Detailed exploration of studies evaluating the use of highly effective treatments have unveiled the clinical concept of Progression Independent of disease activity (PIRA), or an accumulation of disability in the absence of relapse-associated worsening (RAW), in multiple sclerosis (MS).
It has become something of a hot topic in research and clinical practice in recent years, but many questions remain surrounding its frequency, pathological determinants, treatment, and implications.
During our second NeuroWebinar in May, Professor Alan Thompson, Dean of the Faculty of Brain Sciences at University College London and editor of the Multiple Sclerosis Journal, Dr Carmen Tur, Neurologist at the Multiple Sclerosis Centre of Catalonia (CEMCAT), and Professor Cristina Granziera, Senior Consultant Neurologist at the University Hospital of Basel, discussed the growing evidence base, the latest research on and around PIRA, and how they expect it to affect clinical practice.
An emerging area of interest
PIRA events, said Prof Thompson, can occur from the earliest stages of MS, are an important driver of cumulative disability in the long term, and are associated with underlying brain and spinal cord atrophy.

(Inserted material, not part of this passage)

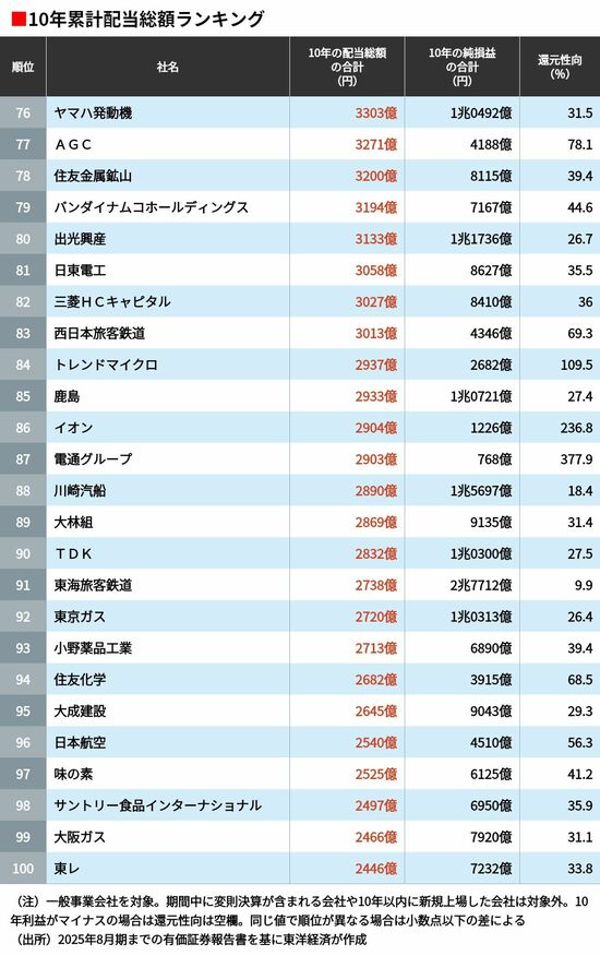 政治・経済・投資 過去10年累計「配当総額」ランキングTOP300 3位はJT、2位はNTT、では1位は? 2分で読める 公開日時:2026/02/25 05:00 田中 久貴 東洋経済データ事業局 フォロー 1/13 PAGES 2/13 PAGES 3/13 PAGES 4/13 PAGES 5/13 PAGES 76〜100位 次ページが続きます:【101〜125位】 6/13 PAGES 7/13 PAGES 8/13 PAGES 9/13 PAGES 10/13 PAGES 11/13 PAGES 12/13 PAGES 13/13 PAGES

“As such, many suggest it is the result of accumulating damage from multiple, yet only partially understood, pathological mechanisms across the disease course,” he added. “It may also be associated with inflammatory activity on MRI, but the impact of age, disease duration, co-morbidities, and exposure to disease modifying treatments (DMTs), have all yet to be clearly established.”
Frequency, predictability, and prognosis
The evidence suggests PIRA is relatively frequent, said Dr Tur, who led a Spanish study that followed 1,000-plus people for more than 25 years after a first demyelinating event, or clinically isolated syndrome. Around 25% of the cohort experienced PIRA, with the first event occurring at a median time of approximately seven years post-CIS.[1]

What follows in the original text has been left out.